When he reached the rock, it was characteristic of her that she said: "You came through those trees remarkably well."

He laughed. "I have an uncanny way of feeling things on my face before they touch me. I experimented somewhat with it in the laboratory at college. It's a sort of tropism, perhaps, such as bugs have, that enables them to keep between two planks or that turns plant-roots toward the sun. Anyway, I've brought some breakfast. These berries may be good, and these other things may be toadstools. I brought them along."

"How does one tell?" she asked.

"Oh, mushrooms are pink underneath and ribbed like a fan."

She examined them and said they might be mushrooms, they looked it. He sat down again, but not until he had replenished the fire.

"They may be poison, both of them," he hazarded. "That's our sporting chance. Will you try them?"

Claire took some of the berries and ate them. "I don't feel anything yet," she announced after a minute's solemn munching.

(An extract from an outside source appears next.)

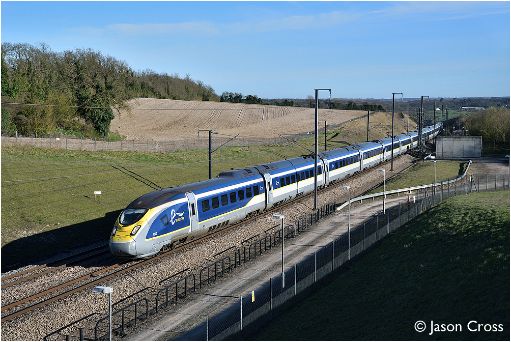 E320 set 4022 approaches North Downs Tunnel with train 9039, the 1513 Paris Nord to St Pancras International. Date: 25 March 2017 Manipulation Notes: None

"Oh, you probably won't for several hours anyway," he said lightly. Then he continued: "If we could devise a way, we might heat water and cook the mushrooms. Then, too, I've been thinking we might even catch a bird."

"Neither sounds very simple."

"Nothing in life is simple," he replied. "At home, in America, where we leave food-getting to the farmer, dress from a store, and go to heaven by way of a minister, things are fairly well arranged, but here we aren't even sure of salvation unless we mind the business of thinking." He continued after a pause. "Of course, I don't especially remember that I counted on heaven. It always seemed a bit distant in the face of living and working. Perhaps, however, you counted it as vital."